Выяснилось, что от предложенной каши, которая показалась Дане пресной и невкусной, он, разумеется, отказался, и ушел погулять. Пришел уже сытый, правда, побледневшая было за ночь сыпь, снова расписала его узорами…
Лариса почему-то не прыгнула за руль и не рванула спасать сына, а позвонила ему.
– Дань, ты где позавтракал?
– Мам, да я только маленький чизбургер взял! И пирожок! – расстроился сын. – А оно ОПЯТЬ!
– Дань, когда тебе было пять лет, я могла всё это понять… но тебе уже двенадцать и ты самостоятельно решаешь многие вопросы. Ты же имеешь на это право?
– Имею!
– Правильно, только вот и обязанности тоже имеешь. Например, по отношению к собственному организму. Если ты знаешь, что тебе эти продукты нельзя, а ты снова их ешь, кто ж тебе виноват? Если тебе не нравится бабушкина готовка, возвращайся домой.
– И ты посадишь меня на диету? – обиделся Даня, которому хотелось, чтобы мама приехала, дала ему какое-то супер-лекарство, и разрешила бы жить так, как ему хочется.

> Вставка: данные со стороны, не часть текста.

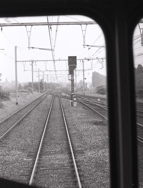 TitelZicht op lijn 130A in Erquelinnes, genomen vanuit een stuurpost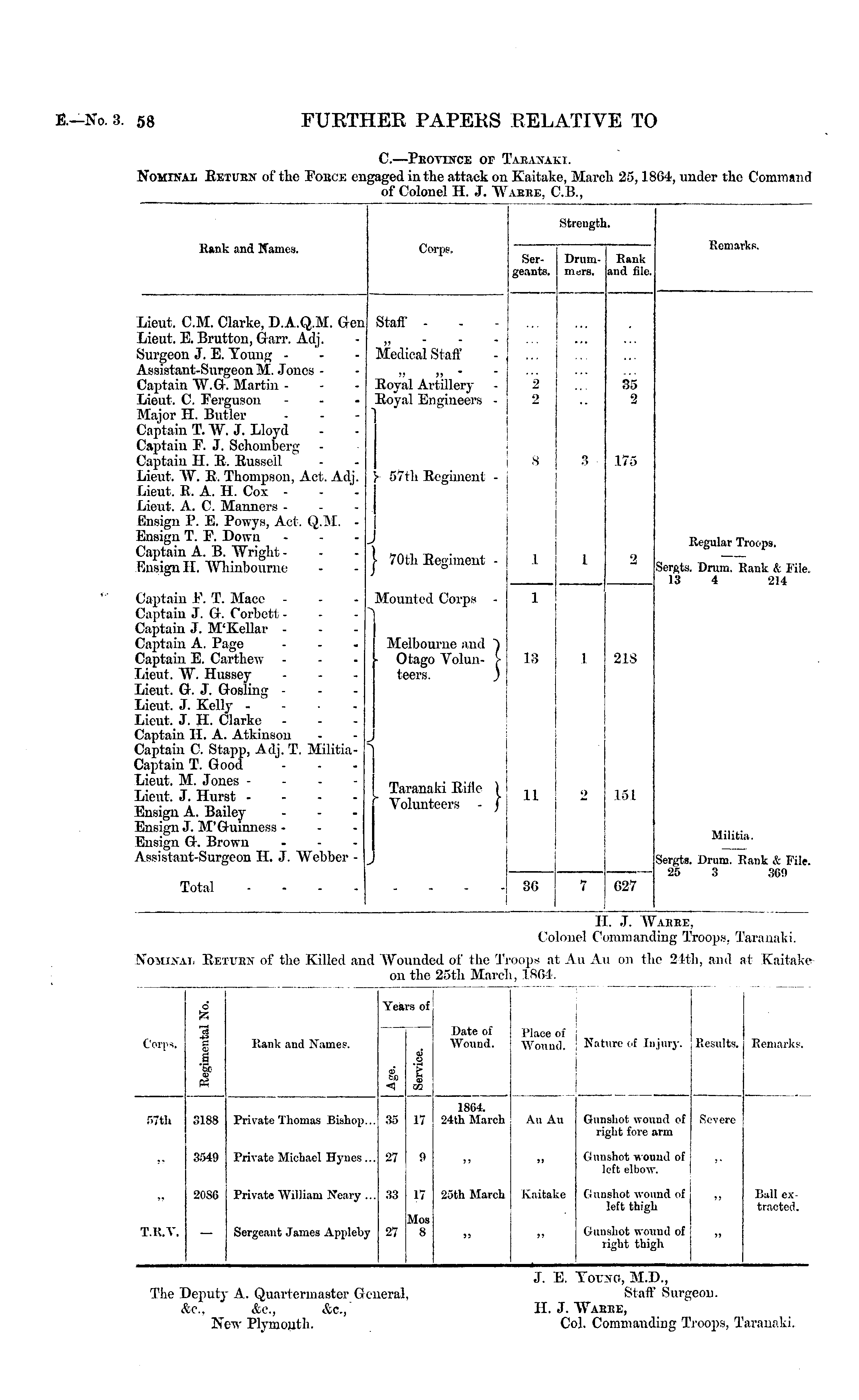 Nominal Rexuen of the Force eni 0. —Peotince of Taeanaki. iged in the attack on Kaitake, March 25,1 of Colonel H. J. Wabre, C.B., iG4, uneler the Command Strengtl Rank and Names. Corps. Bemarks. Sergeants. Drummers. Bank and file. Lieut. CM. Clarke, D.A.Q.M. Gen Lieut, E. Brutton, Garr. Adj. Surgeon J. E. Young - Assistant-Surgeon M. Jones - Captain AV.G. Martin - Lieut. C. Ferguson - Major H. Butler Captain T. AV. J. Lloyd Captain F. J. Sehomberg Captain H. R. Russell Lieut. AV. R. Thompson, Act. Adj. Lieut. B. A. II. Cox - Lieut. A. C. Manners - Ensign P. E. Powys, Act. Q.M. - Ensign T. F. Down - Captain A. B. Wright - Ensign II. AYhinbourne Staff - Medical Staff 1! 11 Royal Artillery Royal Engineers - Y 57th Regiment - "2 2 35 2 8 3 175 ■ 70th Regiment - Regular Troops. I ■I Sergts. Drum. Rank & File. 13 4 214 Captain F. T. Mace - Captain J. G. Corbctt - Captain J. M'Kellar - Captain A. Page Captain E. Carthew - Lieut. AV. Hussey Lieut. G. J. Gosling - Lieut. J. Kelly .... Lieut. J. II. Clarke - Captain II. A. Atkinson Captain C. Stapp, Adj. T. MilitiaCaptain T. Good Lieut. M. Jones - - - - Lieut. J. Hurst - Ensign A. Bailey ... Ensign J. M'Guinness - Ensign G. Brown Assistant-Surgeon H. J. AVcbber - Mounted Corps - 1 I Melbourne and ~1 V Otago Arolun- V teers. ) 13 218 Taranaki Rifle \ Volunteers - j I L ■_> 151 Militia. Sergts. Drum. Bank & File. 25 3 360 Total .... 86 7 627 I] Colonel Ci II. J. Warbe, >1 Commanding Troops, T 'aranaki. Nominal Re' pl*rn of the Killed and AVounde on the td of the Tr 25th Marcl •oops at Au Ai i, 1864. li Au on the 24th, and a it Kaitake 6 y. ■*^ a « s So s Years of Date of Wound. Place of | Wound. ! Nat Nature of Injury. Results. Bemarks. Corps. Bank and Names. D <•> '5 SB g «_ CO Results. <__> *a_ _ r>7th 3188 Private Thomas Bishop... 33 17 1864. 24th March Au Au Gur ri Gunshot wound of Severe right fore arm Severe ?? 3549 Private Michael Hynes ... 27 9 J J Gill! 1 G unshot wound of ,, left elbow. ) * 2086 Private William ISTeary ... 33 17 25th March Kaitake Gur Gunshot wound of ,, left thigh . _ Bull extracted. T.B.Y. Sergeant James Appleby Mos 8 55 Gunshot wound of „ right thigh » ,, Gur The •eputy A. Quartermaster Gen c, &c, &c., New Plymouth. leral J. E. Youno, M.D., Staff Surgeon. H. J. AVabbe, Col. Commanding Troops, Taranaki.

– Нет, зачем? Я же не могу запереть тебя в твоей комнате и кормить насильно. Ты уже сам должен контролировать свои желания.
– Я не хочу так! Я хочу по-другому!
– Сашка на такие вещи тебе говорила: «Похотеть можешь – получить нет!» – вздохнула Лариса.
– И ты даже не приедешь?
– Дань, я сейчас в дороге, под Питером, вернусь поздно. Если ты хочешь вернуться…
– Нет! Не хочу! Ты ничего не понимаешь! – взвился Даня, который за время пребывания на «идеальных каникулах» слегка утратил связь с реальностью, бывает такое, когда человек слишком много смотрел на экран и видел там всё, что угодно, то только не то, что он должен делать.
– Ну хорошо. Тогда оставайся у бабушки и папы! – легко согласилась мама. – Постарайся всё-таки не есть то, что тебе нельзя, у тебя организм и так долго терпел твои выкрутасы. Не доводи его дальше.
Стоило только закончить разговор с шокированным до глубины души сыном, как позвонил бывший муж.
– Я не понимаю, как ты можешь называть себя матерью, если у тебя болеет ребёнок, а ты до сих пор к нему не приехала? – начал он.
– А что такое? Никакой болезни, которая требует моего присутствия, у Дани нет. Я неоднократно говорила и тебе и Валентине Петровне о том, что Дане есть нельзя, правда? Правда. Даня об этом тоже знает, но раз ему разрешали и бабушка, и папа, выставляя себя хорошими, а меня – занудной придирой, то он, конечно же, доверился вам и получил, что получил. Максим, давай честно… ты же сам сказал, что будешь сыном заниматься – вот и давай!
– Как я могу им заниматься, если это всё твоё воспитание?
– Погоди-ка… мы в разводе всего год. Ты хочешь сказать, что я за год разрушила всё то, что ты дал сыну за одиннадцать лет его жизни?
Как можно ответить на такой вопрос, а? Ну, как?
Сказать, что да, разрушила, этакая негодяйка, так что ты за отец, раз такое слабое воспоминание о настоящем мужском воспитании оставил в собственном сыне? К тому же Лариса вовсе не запрещала им общаться…
Сказать, что нет, не разрушала, а тогда, кто же во всём виноват?
Обидно…
Максим привычно пообижался, высказал что-то вроде:
– Все вы, бабы, такие! – эта фраза универсальна к применению некоторыми мужчинами, в моменты, когда они в упор не знают, что именно можно сказать.
Лариса пожала плечами, беззвучно рассмеялась и поняла, что, пожалуй, начинает получать удовольствие от сближения сына и отца.
– О, сколько откровений дивных вы приготовили себе! – промурлыкала она, когда муж отключился.
Впрочем, потом позвонила Сашка и рассказала, что вся та же «обязательная программа» была выполнена и с ней, разве что в словосочетании «какая ж ты мать», слово «мать» было заменено на «сестра».